Top of Given records

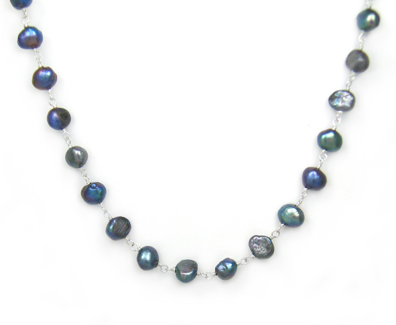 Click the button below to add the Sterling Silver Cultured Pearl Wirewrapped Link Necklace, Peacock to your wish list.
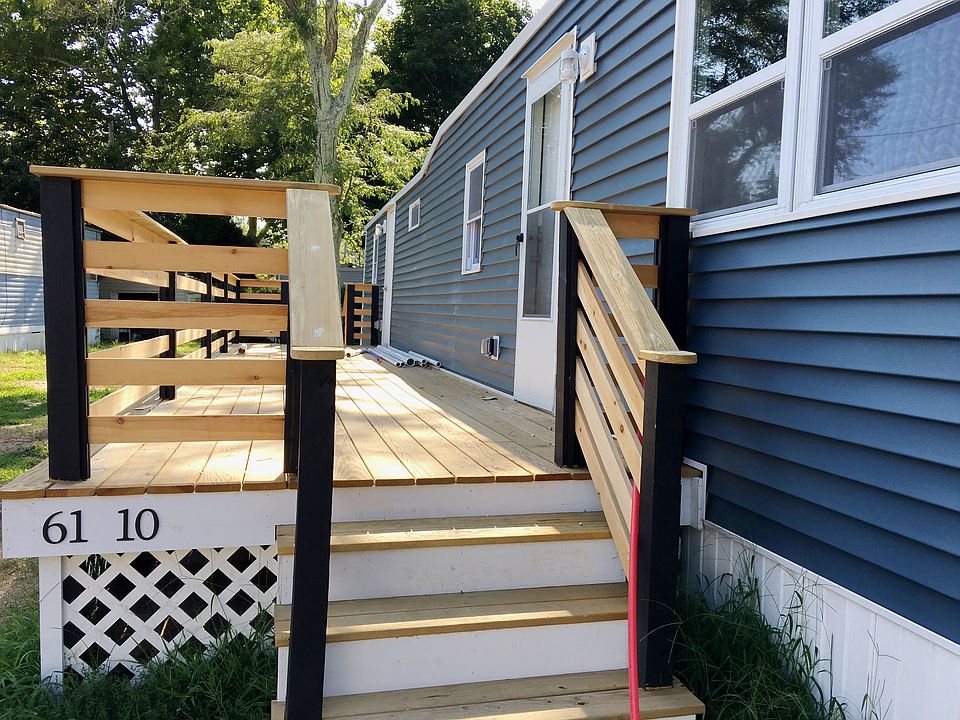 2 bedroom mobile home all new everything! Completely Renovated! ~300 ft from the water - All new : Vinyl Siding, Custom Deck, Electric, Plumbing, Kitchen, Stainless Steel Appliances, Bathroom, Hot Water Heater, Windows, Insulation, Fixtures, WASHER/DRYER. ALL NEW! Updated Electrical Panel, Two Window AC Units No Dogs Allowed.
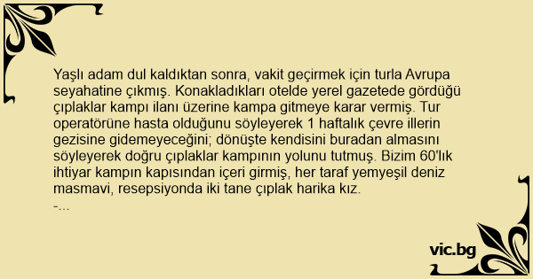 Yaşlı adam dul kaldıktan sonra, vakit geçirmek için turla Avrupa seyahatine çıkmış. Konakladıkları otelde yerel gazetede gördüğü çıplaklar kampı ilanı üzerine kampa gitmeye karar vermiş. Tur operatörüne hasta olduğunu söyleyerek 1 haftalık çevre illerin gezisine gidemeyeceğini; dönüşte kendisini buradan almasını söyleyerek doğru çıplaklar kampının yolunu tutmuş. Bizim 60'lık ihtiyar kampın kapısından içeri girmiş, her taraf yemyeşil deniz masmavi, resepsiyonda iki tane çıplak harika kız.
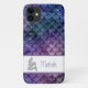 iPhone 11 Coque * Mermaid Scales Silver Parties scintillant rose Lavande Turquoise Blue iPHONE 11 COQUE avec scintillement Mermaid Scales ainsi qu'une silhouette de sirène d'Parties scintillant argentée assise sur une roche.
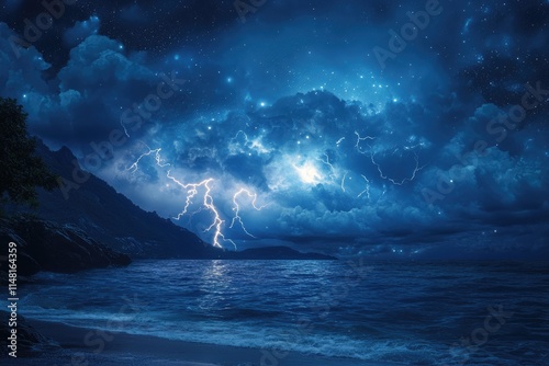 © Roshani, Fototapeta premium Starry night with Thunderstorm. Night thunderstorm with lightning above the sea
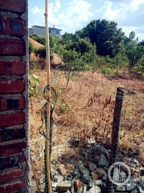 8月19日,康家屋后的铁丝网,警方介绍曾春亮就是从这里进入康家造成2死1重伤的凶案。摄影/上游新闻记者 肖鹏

Bottom of Given records

Your assignment:
Output each line above exactly as it stands, omitting the pictures.

Response area:
 Click the button below to add the Sterling Silver Cultured Pearl Wirewrapped Link Necklace, Peacock to your wish list.
 2 bedroom mobile home all new everything! Completely Renovated! ~300 ft from the water - All new : Vinyl Siding, Custom Deck, Electric, Plumbing, Kitchen, Stainless Steel Appliances, Bathroom, Hot Water Heater, Windows, Insulation, Fixtures, WASHER/DRYER. ALL NEW! Updated Electrical Panel, Two Window AC Units No Dogs Allowed.
 Yaşlı adam dul kaldıktan sonra, vakit geçirmek için turla Avrupa seyahatine çıkmış. Konakladıkları otelde yerel gazetede gördüğü çıplaklar kampı ilanı üzerine kampa gitmeye karar vermiş. Tur operatörüne hasta olduğunu söyleyerek 1 haftalık çevre illerin gezisine gidemeyeceğini; dönüşte kendisini buradan almasını söyleyerek doğru çıplaklar kampının yolunu tutmuş. Bizim 60'lık ihtiyar kampın kapısından içeri girmiş, her taraf yemyeşil deniz masmavi, resepsiyonda iki tane çıplak harika kız.
 iPhone 11 Coque * Mermaid Scales Silver Parties scintillant rose Lavande Turquoise Blue iPHONE 11 COQUE avec scintillement Mermaid Scales ainsi qu'une silhouette de sirène d'Parties scintillant argentée assise sur une roche.
 © Roshani, Fototapeta premium Starry night with Thunderstorm. Night thunderstorm with lightning above the sea
 8月19日,康家屋后的铁丝网,警方介绍曾春亮就是从这里进入康家造成2死1重伤的凶案。摄影/上游新闻记者 肖鹏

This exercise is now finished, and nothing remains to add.